In particolare auspichiamo che, per quanto riguarda l’assistenza indiretta, in pochi giorni sia consentito alle famiglie di comunicare – anche nella forma della pre-iscrizione – la volontà di certificare l’esperienza maturata dal personale che già assiste i malati di Sla e su questo solo impegno, magari accompagnato dal contratto di lavoro probante l’assistenza operata, si possano attivare le procedure idonee a vedersi riconosciuti i fondi relativi all’assistenza indiretta, assistenza sociale che, per essere davvero efficace, dovrà essere necessariamente coordinata con l’assistenza sanitaria.

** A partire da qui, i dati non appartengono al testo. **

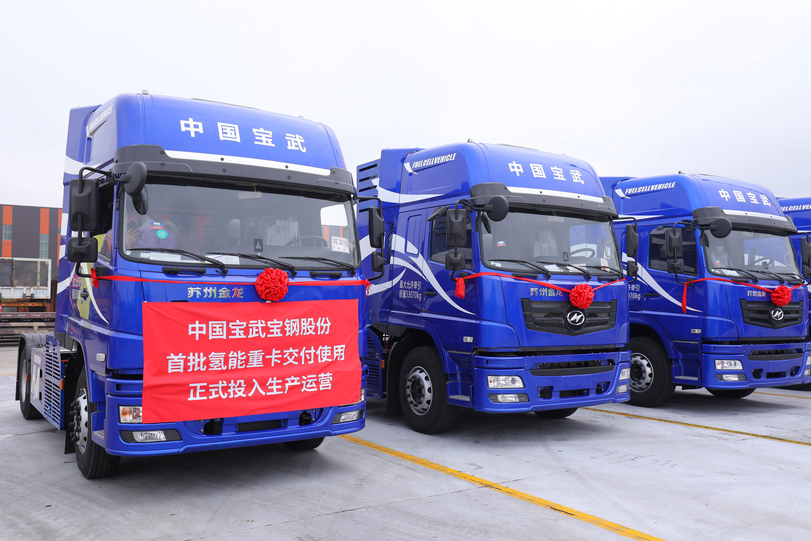 如今,苏州金龙氢燃料电池重卡也已经开启了批量商用化运营。2020年12月29日,60辆苏州金龙为宝钢股份定制的42吨半挂氢能重卡正式交付并投入运营。这也是全球范围内,一次性批量投入数量最大的氢能重卡商业化运营项目。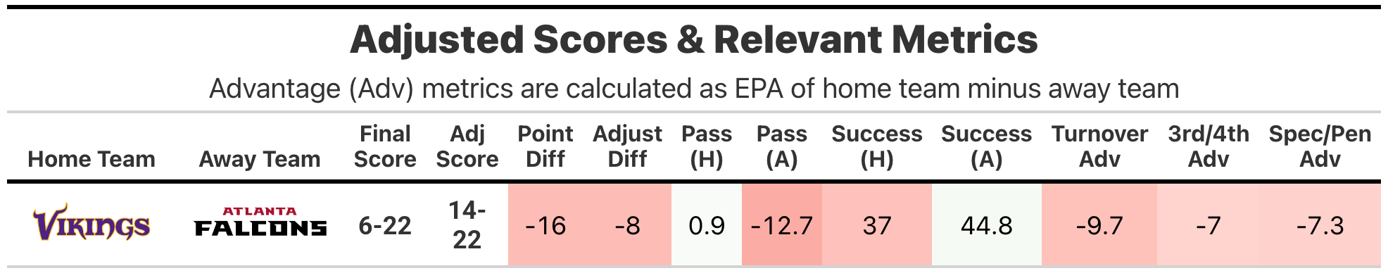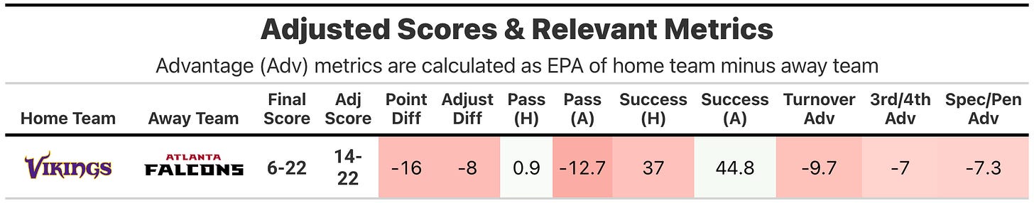 The story of the game was an Atlanta Falcons defense that held the Minnesota Vikings offense to awful EPA efficiency: the 1st percentile at -0.46 per play. The Vikings offensive success rate wasn’t as bad (37%), but enormous turnover losses (three for a total of 15.6 expected points lost) crushed their dropback efficiency.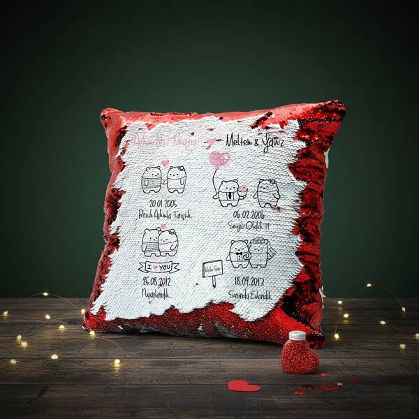 1 -) Yastık 40 x 40 cm. ölçülerinde olup, kare şeklindedir. Üzerinde kırmızı renkte ışıltılı payetler bulunmaktadır.2 -) Pulları aynı istikamete doğru çevirdiğinizde payetlerin arkasına basılı olan fotoğrafınızı görebilirsiniz.3 -) Ters tarafa doğru payetleri ittiğinizde ise kırmızı ışıltılı pullarla karşılaşacaksınız.4 -) Sihirli yastık mekanlarınız için oldukça dekoratif özellikte bir yastık modelidir. Koltuk köşesi süslemesi için idealdir.5 -) Siparişiniz halinde, içi kaliteli boncuk elyaf dolgulu şekilde gönderilecektir.6 -) Bu Bir Aşk Hikayesi Sihirli Yastık hafta içi saat 14.00'a kadar sipariş vermeniz halinde aynı gün kargoya teslim ediyoruz.7 -) Yastık ütülenmemelidir ve 40 derecede ılık suda elde yıkanması tavsiye edilmektedir.Ürün Etiketleri

Solo una tempistica certa e pubblica, oltre che un rapporto continuativo di collaborazione tra assessorato e associazioni dei malati, può rassicurare le famiglie sull’effettività dell’impegno assunto, diversamente, confinati nel limbo dell’incertezza di un generico “futuro semplice”, i malati e le famiglie al loro fianco corrono il rischio di dover nuovamente affidare alla forza della pubblica denuncia quel che in un paese civile sarebbe un sacrosanto diritto

Ci auguriamo infine che al più presto vengano attivate anche le altre azioni previste dalla Delibera, in particolare quella riguardante la possibilità di avere finalmente un registro regionale di patologia che nel Lazio purtroppo ancora non esiste e che direbbe con esattezza quanti sono nella nostra regione le persone affette da SLA. Come possiamo d’altronde assistere i malati di SLA se nemmeno sappiamo quanti sono e dove vivono? 

L’Associazione Luca Coscioni è una associazione no profit di promozione sociale. Tra le sue priorità vi sono l’affermazione delle libertà civili e i diritti umani, in particolare quello alla scienza, l’assistenza personale autogestita, l’abbattimento della barriere architettoniche, le scelte di fine vita, la legalizzazione dell’eutanasia, l’accesso ai cannabinoidi medici e il monitoraggio mondiale di leggi e politiche in materia di scienza e auto-determinazione.